About this task: Pictures are to be dropped from the copy. Retype the listing exactly.

#### Supplied information

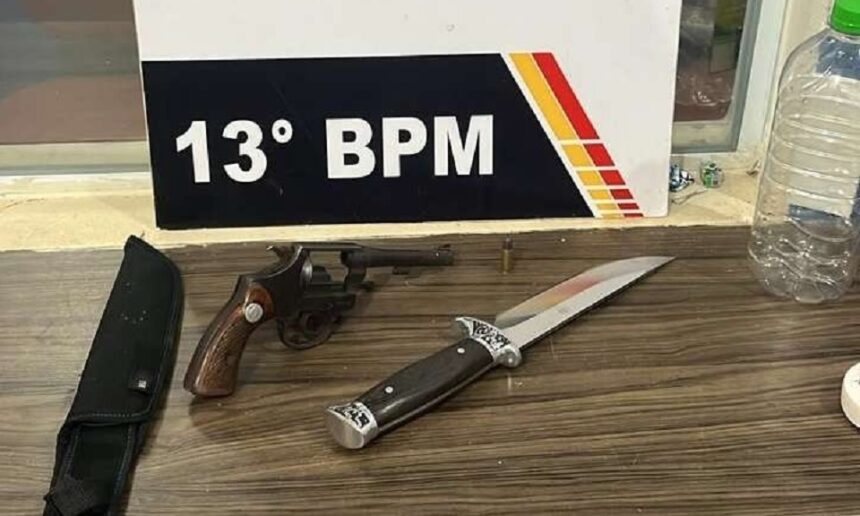 O comparsa, um rapaz de 20 anos, tentou se esconder da polícia, mas foi encontrado debaixo de uma carreta. Com ele a PM apreendeu faca e porções de maconha.
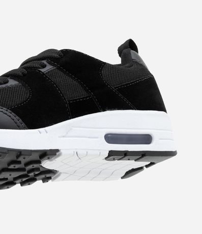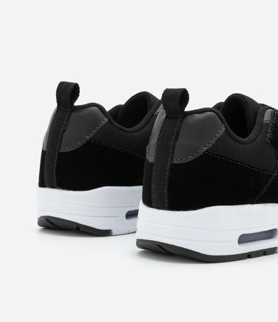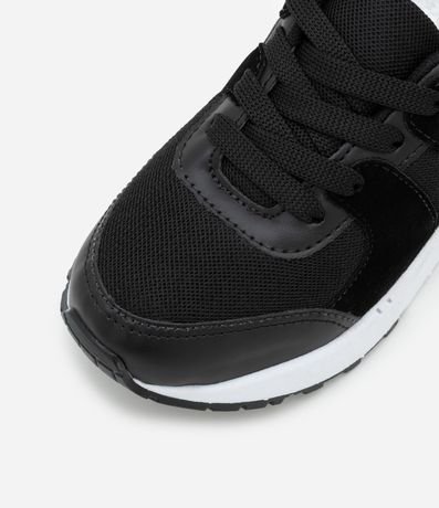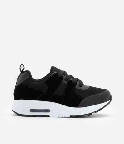 Tênis infantil confeccionado em material sintético. Possui bico redondo, fechamento por cadarços, detalhes em suede e puxador no calcanhar.
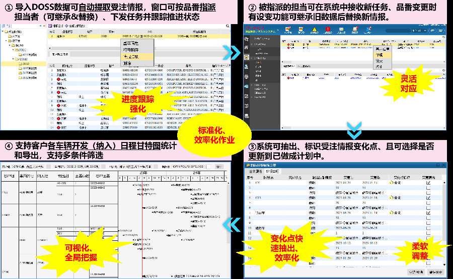 受注情报及变化点的自动抽取,并形成整体车辆日程甘特图的可视化管理,确保日程精度的同时,大大降低了人工统计处理的难度,管理者可根据各品番的社内推进状态跟踪进度。

########

Task output:
 O comparsa, um rapaz de 20 anos, tentou se esconder da polícia, mas foi encontrado debaixo de uma carreta. Com ele a PM apreendeu faca e porções de maconha.
 Tênis infantil confeccionado em material sintético. Possui bico redondo, fechamento por cadarços, detalhes em suede e puxador no calcanhar.
 受注情报及变化点的自动抽取,并形成整体车辆日程甘特图的可视化管理,确保日程精度的同时,大大降低了人工统计处理的难度,管理者可根据各品番的社内推进状态跟踪进度。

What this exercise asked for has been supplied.